Geranylgeranyl diphosphate (GGPP), a prenyl diphosphate synthesized by GGPP synthase (GGPS), represents a metabolic hub for the synthesis of key isoprenoids, such as chlorophylls, tocopherols, phylloquinone, gibberellins, and carotenoids. Protein-protein interactions and the amphipathic nature of GGPP suggest metabolite channeling and/or competition for GGPP among enzymes that function in independent branches of the isoprenoid pathway. To investigate substrate conversion efficiency between the plastid-localized GGPS isoform GGPS11 and phytoene synthase (PSY), the first enzyme of the carotenoid pathway, we used recombinant enzymes and determined their in vitro properties. Efficient phytoene biosynthesis via PSY strictly depended on simultaneous GGPP supply via GGPS11. In contrast, PSY could not access freely diffusible GGPP or time-displaced GGPP supply via GGPS11, presumably due to liposomal sequestration. To optimize phytoene biosynthesis, we applied a synthetic biology approach and constructed a chimeric GGPS11-PSY metabolon (PYGG). PYGG converted GGPP to phytoene almost quantitatively in vitro and did not show the GGPP leakage typical of the individual enzymes. PYGG expression in Arabidopsis resulted in orange-colored cotyledons, which are not observed if PSY or GGPS11 are overexpressed individually. This suggests insufficient GGPP substrate availability for chlorophyll biosynthesis achieved through GGPP flux redirection to carotenogenesis. Similarly, carotenoid levels in PYGG-expressing callus exceeded that in PSY- or GGPS11-overexpression lines. The PYGG chimeric protein may assist in provitamin A biofortification of edible plant parts. Moreover, other GGPS fusions may be used to redirect metabolic flux into the synthesis of other isoprenoids of nutritional and industrial interest.

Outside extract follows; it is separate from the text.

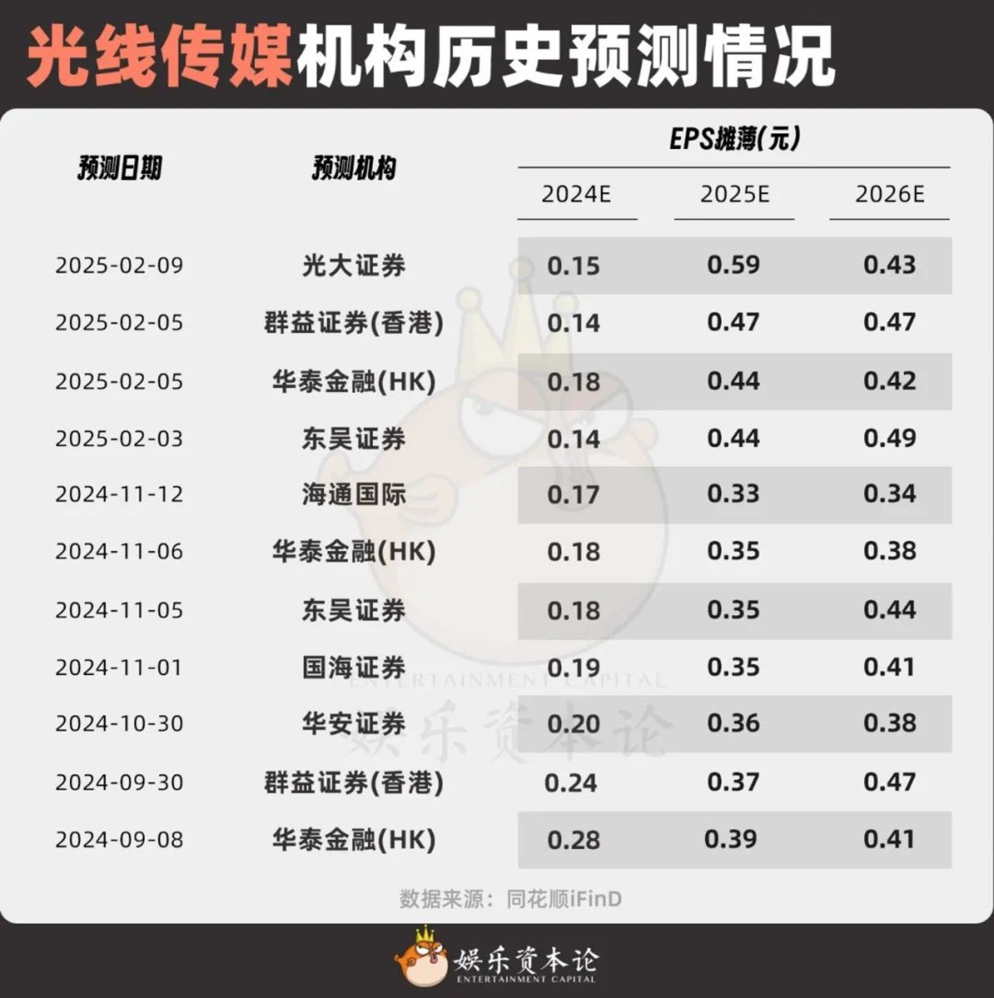 光线传媒机构历史预测情况

机译:Geranylgeranyl二磷酸(GGPP),由GGPP合酶(GGP)合成的戊基二磷酸酯代表了合成关键等异戊二烯的代谢毂,例如叶绿素,生育酚,植物醌,赤霉素和类胡萝卜素。蛋白质 - 蛋白质相互作用和GGPP的两亲性质提出了在异戊字途径的独立分支中起作用的酶中GGPP的代谢物通道和/或竞争。为了研究体塑性局部GGPS同种型GGPS11和植物合酶(PSY)之间的基材转化效率,类胡萝卜素途径的第一酶,我们使用重组酶并确定其体外性质。通过PSY的高效植物生物合成通过GGPS11严格依赖于同时GGPP供应。相比之下,PSY无法通过GGPS11自由扩散的GGPP或时间移位的GGPP供应,这可能是由于脂质体封存。为了优化植物生物合成,我们应用了一种合成生物学方法并构建了一种嵌合GGPS11-PSY代谢物(PYGG)。 Pygg几乎定量地在体外转化为植物的GGPP,并没有显示单个酶的典型GGPP泄漏。拟南芥的PygG表达导致橙色的子叶,如果PSY或GGPS11单独过表达,则未观察到。这表明通过GGPP助焊剂重定向实现的GGPP碱基用于叶绿素生物合成的可用性不足。类似地,PygG表达愈伤组织中的类胡萝卜素水平超过了PEY-或GGPS11过度表达线。 PYGG嵌合蛋白可以有助于寄生虫植物的可食用植物部件。此外,其他GGPS融合可用于将代谢通量重定向到营养和工业利益的其他异戊二烯的合成中。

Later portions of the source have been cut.